Soon after acquiring the files, the Citizens’ Commission sent the leaks to the press along with a communiqué, which they wanted published in all news stories covering the FBI documents. The communiqué explained their motives and goals:
We wish to make these documents more widely available so that they can be used effectively by all who are working for a more peaceful, just, and open society. Our purpose is not just to correct the more gross violations of constitutional rights by the FBI within the framework of its present goals and organization. Nor is it to attack personally individual informers, agents, or administrators. It is instead to contribute to the movement for fundamental constructive change in our society, for as we said in our initial statement, “as long as great economic and political power remains concentrated in the hands of small cliques not subject to democratic control and scrutiny, then repression, intimidation, and entrapment are to be expected.”5
While their intentions were made public, the members themselves remained anonymous until January 2014, when a few individuals stepped forward.6 To expose toxic tactics, these activists broke the law and utilized anonymity to shield themselves from consequences.
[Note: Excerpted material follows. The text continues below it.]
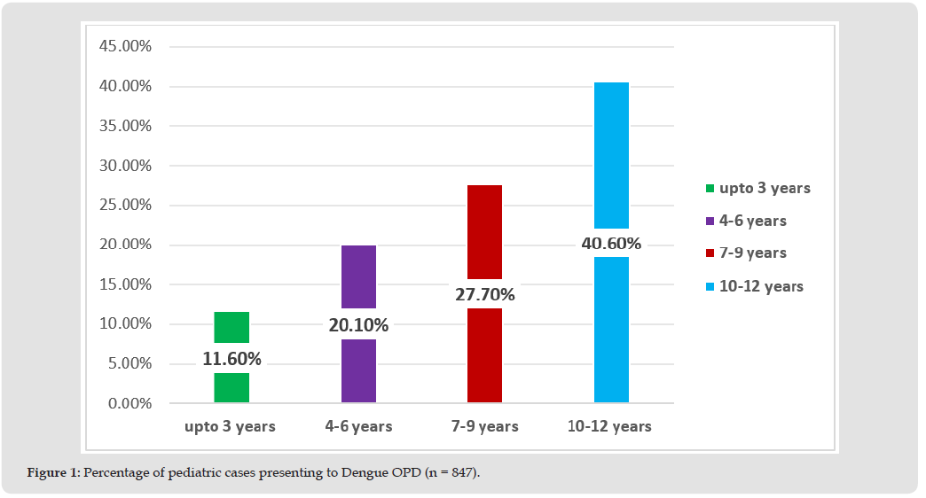 Results: The mean age of 847 pediatric dengue cases was 8 ± 3.12 years. Around 59.3% of them were males and mostly belonged to age bracket of 10-12 years. 73.9% and 23.8% of the cases belonged to Rawalpindi and Islamabad respectively. 124 were confirmed dengue cases out of which 88 had dengue fever while 31 and 5 had Dengue Hemorrhagic Fever (DHF) and Dengue Shock Syndrome (DSS) respectively. 245 out of 597 suspected cases got admitted and all were discharged in stable condition. None of the reporting cases succumbed to dengue.

This dramatic exposé did not happen online; there were no Guy Fawkes masks, no boxes were popped, no mail spools Pastebinned, and WikiLeaks played no role. But the concept was the same: cloak identity for protection and to deflect attention away from the messengers, and get the incriminating word out. Had it not been for the Citizens’ Commission to Investigate the FBI stealing documents tucked away in file cabinets and desk drawers, COINTELPRO might have remained in operation, leaving an even more sickening trail of destruction in its wake.